Following local anesthesia (Septanest 100, Septodont, Paris, France), intrasulcular incisions and preparation of the mucoperiosteal flap were performed according to the principles of papilla preservation technique [11,22] and minimally invasive techniques [12,23]. In the control group, the debridement of the bone defect was performed with the use of hand instruments (Gracey currettes, Hu-Friedy, Chicago, IL, USA) and ultrasonic devices (EMS Piezon Tip PS, EMS, Nyon, Switzerland) (Figure 2).
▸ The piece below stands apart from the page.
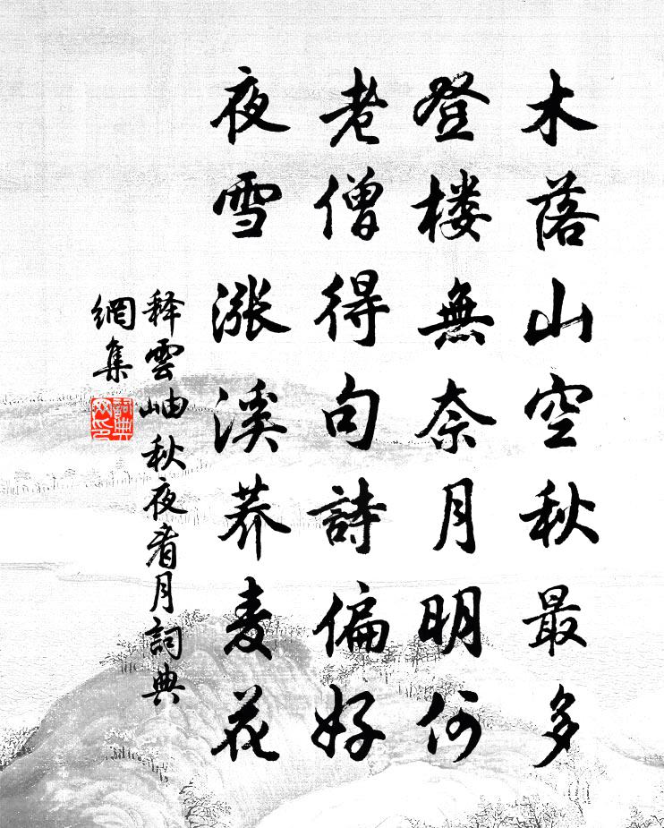 詩詞名句歷史字典書法欣賞書法字典國語詞典說文解字康熙字典古漢語字典標 題 作 者 詩 句 秋夜看月作者:釋雲岫 朝代:宋代秋夜看月原文木落山空秋最多,登樓無奈月明何。老僧得句詩偏好,夜雪漲溪蕎麥花。詩詞問答問:秋夜看月的作者是誰?答:釋雲岫問:秋夜看月寫於哪個朝代?答:宋代釋雲岫秋夜看月書法欣賞秋夜看月書法作品詩詞推薦眉州借景亭汪元量〔宋代〕巍亭借景引壺觴,元佑詩人翰墨香。蒼峽雷霆龍意氣,碧崖煙雨豹文章。隔鄰修竹娟娟靜,夾道枯桑冉冉黃。水泛邵伯埭下寄高郵陳郎中徐鉉〔唐代〕故人相別動經年,候館相逢倍慘然。雇我飲冰難輟棹,感君扶病為開筵。河灣水淺翹愁鷺,柳岸風微噪暮蟬。欲識郊廟歌辭。周郊祀樂章。治順樂佚名〔唐代〕羽衛離丹闕,金軒赴泰壇。珠旗明月色,玉佩曉霜寒。黼黻龍衣備,琮璜寶器完。百神將受職,宗社保長安。詩一首胡銓〔宋代〕夜讀文公猛虎詩,云何虎死忽悲啼。人生未省向來事,虎死方羞前所為。昨日猶能食熊豹,今朝無計奈狐狸。我曾題睢陽五老圖歐陽謙之〔宋代〕厚德良多積善根,賢才他日在兒孫。當知相里非凡婿,豈有陳平久席門。五老繪圖千載譽,群公詩禮百年存。憑君鳳凰台馮去非〔宋代〕許大乾坤里,那無一鳳鳴。台欹紅日晚,梧拂翠雲生。瑣瑣六朝夢,悠悠千古情。寒潮如有恨,時打石頭城。蒲徐夤〔唐代〕濯秀盤根在碧流,紫茵含露向晴抽。編為細履隨君步,織作輕帆送客愁。疏葉稍為投餌釣,密叢還礙採蓮舟。鴛鴦讀漢紀徐夤〔唐代〕布衣空手取中原,勁卒雄師不足論。楚國八千秦百萬,豁開胸臆一時吞。周子及盬簿輓詩二首楊萬里〔宋代〕科目連雙中,聲名莫二渠。手曾攀折檻,客有淚辭車。速化非吾事,偷閒只古書。黑頭黃壤去,有昊定何如。晚泊陸游〔宋代〕樓上嗚嗚角,橋邊點點燈。聚沙新到雁,趁渡獨歸僧。日隱山光暗,天低海氣蒸。居人笑老子,醉發亂鬅鬙。九日有感二首強至〔宋代〕憶昨方陪上相筵,召書忽到菊杯前。主人舉酒勤令飲,一醉秋風恰二年。過昭君村(村在歸州東北四十里)白居易〔唐代〕靈珠產無種,彩雲出無根。亦如彼姝子,生此遐陋村。至麗物難掩,遽選入君門。獨美眾所嫉,終棄於塞垣。唯此偶作二首白玉蟾〔宋代〕露滴中宵月,松搖古谷風。三身紅萏菡,四智碧芙蓉。方壺何澹〔宋代〕玉壺清景面瑤池,便入丹青也自宜。挾冊幾回成獨往,壺公應笑一書痴。送楊議卿赴舉文同〔宋代〕寒日照殘樹,新霜結衰草。有客奉高薦,策馬奔遠道。聲名近轉大,文字素已好。壯歲雖可恃,榮科亦宜早。勉自泛免口占金履祥〔宋代〕皇家科目喜宏開,試比抽拈不擇才。多少官人無著處,不知能得幾人來。二十九日過小將軍大將軍嶺項安世〔宋代〕復嶺參差意出群,行人遙指兩將軍。黥彭只麽空山老,不向中原早策勛。送僧赴黃山沐湯泉兼參禪宗長老杜荀鶴〔唐代〕聞有湯泉獨去尋,一瓶一缽一無金。不愁亂世兵相害,卻喜寒山路入深。野老禱神鴉噪廟,獵人沖雪鹿驚林。患身正陽堂宴勞凱旋詩沈約〔南北朝〕凱入同高宴。飲至均多祜。昔往歌採薇。今來歡杕杜。善戰惟我皇。勝之不窺戶。推轂授神謨。余壯終能賈。浩蕩建隆以來祀享太廟十六首佚名〔宋代〕猗歟太祖,受命於天。化行區宇,功溢簡編。武威震耀,文德昭宣。開基垂統,億萬斯年。名句推薦想當年、空運籌決戰,圖王取霸無休。柳永《雙聲子·晚天蕭索》 盡道隋亡為此河,至今千里賴通波。皮日休《汴河懷古二首》 京口瓜洲一水間,鐘山只隔數重山王安石《泊船瓜洲》 正入萬山圈子裡,一山放過一山攔楊萬里《過松源晨炊漆公店》 君子坦蕩蕩,小人長戚戚。孔子弟子《論語·述而篇》 紛紛墜葉飄香砌。夜寂靜,寒聲碎。范仲淹《御街行·秋日懷舊》 垂楊拂綠水,搖艷東風年。李白《折楊柳》 談歡則字與笑並,論戚則聲共泣偕劉勰《文心雕龍·誇飾》 惟有綠荷紅菡萏,卷舒開合任天真。李商隱《贈荷花》 潦倒不通世務,愚頑怕讀文章。曹雪芹《紅樓夢·第三回》

For the same purposes, a dental laser (Fotona Light Walker AT-S, Ljubljana, Slovenia) was used in the test group. The granulation tissue was removed with the use of Er:YAG laser (3 W, 150 mJ and 20 Hz LP—long pulse 600 µs; handpiece H14-N, sapphire tip), as the root surface debridement (1,6 W, 160 mJ and 10 Hz LP—long pulse 600 µs; handpiece H14-N, sapphire tip). At the end of the surgical procedure, the blood clot formation was performed with the use of Nd:YAG laser (2 W and 20 Hz VLP—very long pulse 1000 µs; handpiece—R21-C3; specialized fiber optic tips) (Figure 3). After completing the debridement of the intrabony defect, the mucoperiosteal flap was repositioned and stabilized by means of vertical modified mattress sutures (Ethilon 5.0, Johnson & Johnson Company, New Brunswick, NJ, USA). If tooth mobility was detected, it was splinted after surgery. Postoperative care consisted of 0.2% chlorhexidine rinses (Eludril, Pierre Fabre Laboratories, Paris, France) twice a day for 2 weeks. Patients were also instructed not to eat hard foods and to avoid vigorous tooth brushing in the surgical area for 2 weeks. Sutures were removed 14 days post-surgery. Recall appointments were scheduled 1, 2, and 4 weeks, and then 3, 6, and 12 months. During recall appointments, supragingival plaque was carefully removed with a brush. Healing and possible complications (flap dehiscence; flap or papillae necrosis, suppuration, inflammation, as well as pain exacerbations) were monitored during the follow-up appointments. Photographs of the surgical area were taken on every visit. The patient and the surgeon were not blinded in the protocol because of technical reasons. Figure 2 and Figure 3 present cases treated in the control and test group, respectively.

2.4. Statistical Analysis

In the statistical analysis, the normality of distribution was verified using the Shapiro–Wilk test and the Kolmogorov–Smirnov test with the Lillefors correction. The distribution normality of the analyzed quantitative variables was not found. The Wilcoxon paired test was used to compare dependent variables over time. The nonparametric U Mann–Whitney test was used to compare the quantitative independent variables without normal distribution. Friedman’s test was used for multiple comparisons.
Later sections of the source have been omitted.